PROBLEM TO WORK ON: Every line below that contains "students" is to be copied.
********
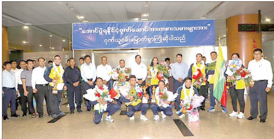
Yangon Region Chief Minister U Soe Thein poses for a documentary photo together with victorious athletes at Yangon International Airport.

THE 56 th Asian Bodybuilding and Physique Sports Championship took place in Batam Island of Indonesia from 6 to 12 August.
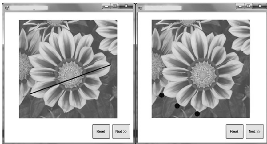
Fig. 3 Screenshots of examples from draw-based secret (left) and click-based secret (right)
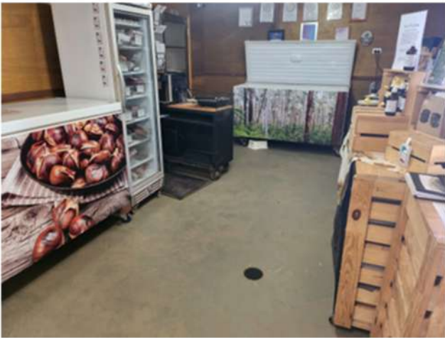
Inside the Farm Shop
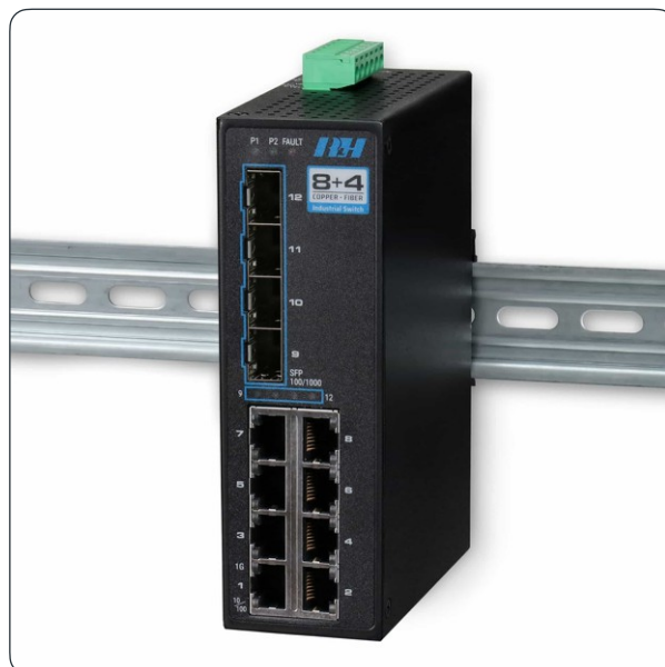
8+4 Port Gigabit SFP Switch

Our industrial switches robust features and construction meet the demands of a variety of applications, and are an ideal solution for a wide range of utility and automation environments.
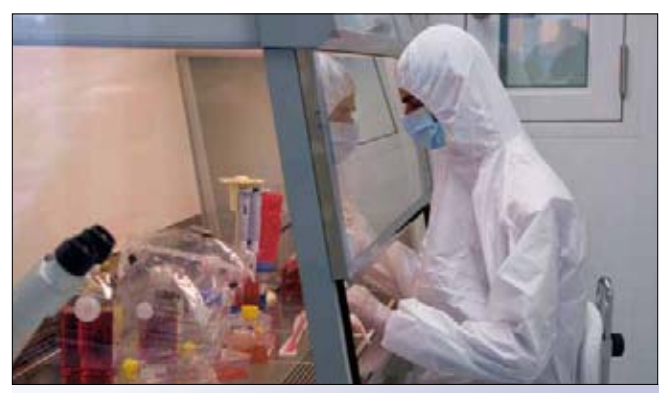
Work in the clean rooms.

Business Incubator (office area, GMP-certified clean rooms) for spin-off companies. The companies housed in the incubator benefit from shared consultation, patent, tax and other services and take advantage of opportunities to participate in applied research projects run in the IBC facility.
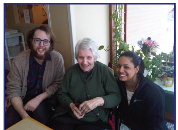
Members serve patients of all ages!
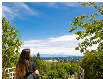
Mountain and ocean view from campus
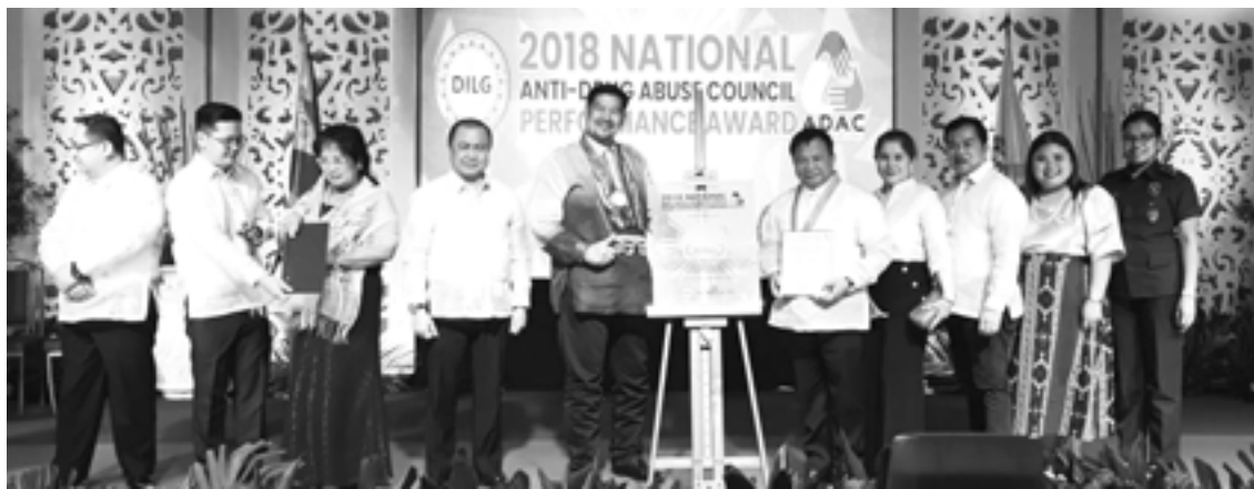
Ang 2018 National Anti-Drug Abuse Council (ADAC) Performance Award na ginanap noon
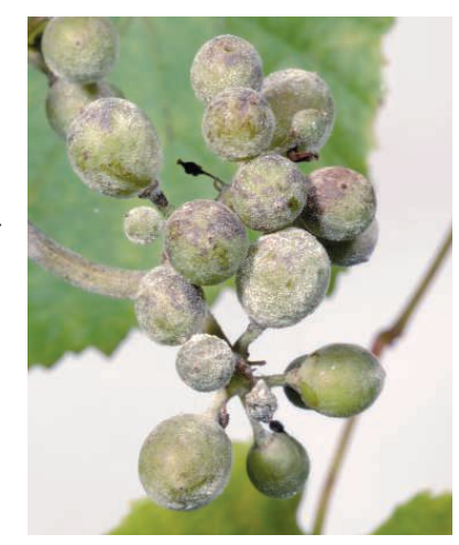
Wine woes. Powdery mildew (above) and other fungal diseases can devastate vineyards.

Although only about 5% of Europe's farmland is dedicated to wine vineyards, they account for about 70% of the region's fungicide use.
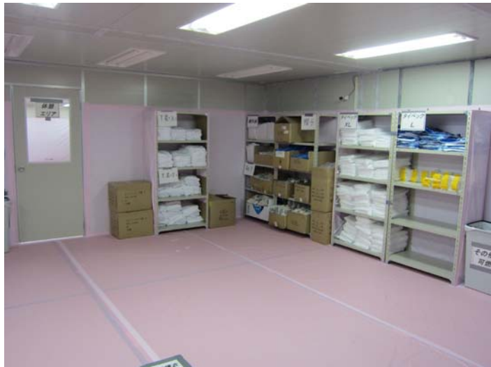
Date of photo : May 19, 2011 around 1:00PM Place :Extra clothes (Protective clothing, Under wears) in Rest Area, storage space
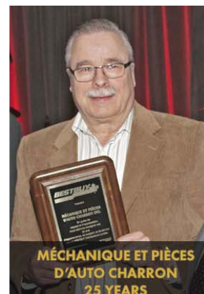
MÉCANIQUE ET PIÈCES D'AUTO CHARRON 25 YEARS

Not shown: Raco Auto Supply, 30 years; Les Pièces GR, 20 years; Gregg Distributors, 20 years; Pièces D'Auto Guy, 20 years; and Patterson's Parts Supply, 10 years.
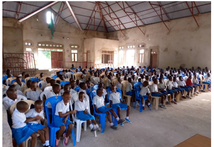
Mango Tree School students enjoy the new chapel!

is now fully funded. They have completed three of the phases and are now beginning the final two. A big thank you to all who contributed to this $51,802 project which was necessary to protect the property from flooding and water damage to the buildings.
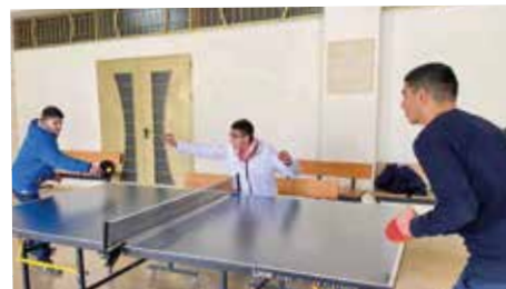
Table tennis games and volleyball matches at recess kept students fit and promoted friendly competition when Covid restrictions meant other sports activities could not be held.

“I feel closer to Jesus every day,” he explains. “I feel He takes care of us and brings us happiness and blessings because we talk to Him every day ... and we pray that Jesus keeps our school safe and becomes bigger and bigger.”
********
SOLUTION TO THE PROBLEM:
Mango Tree School students enjoy the new chapel!
Table tennis games and volleyball matches at recess kept students fit and promoted friendly competition when Covid restrictions meant other sports activities could not be held.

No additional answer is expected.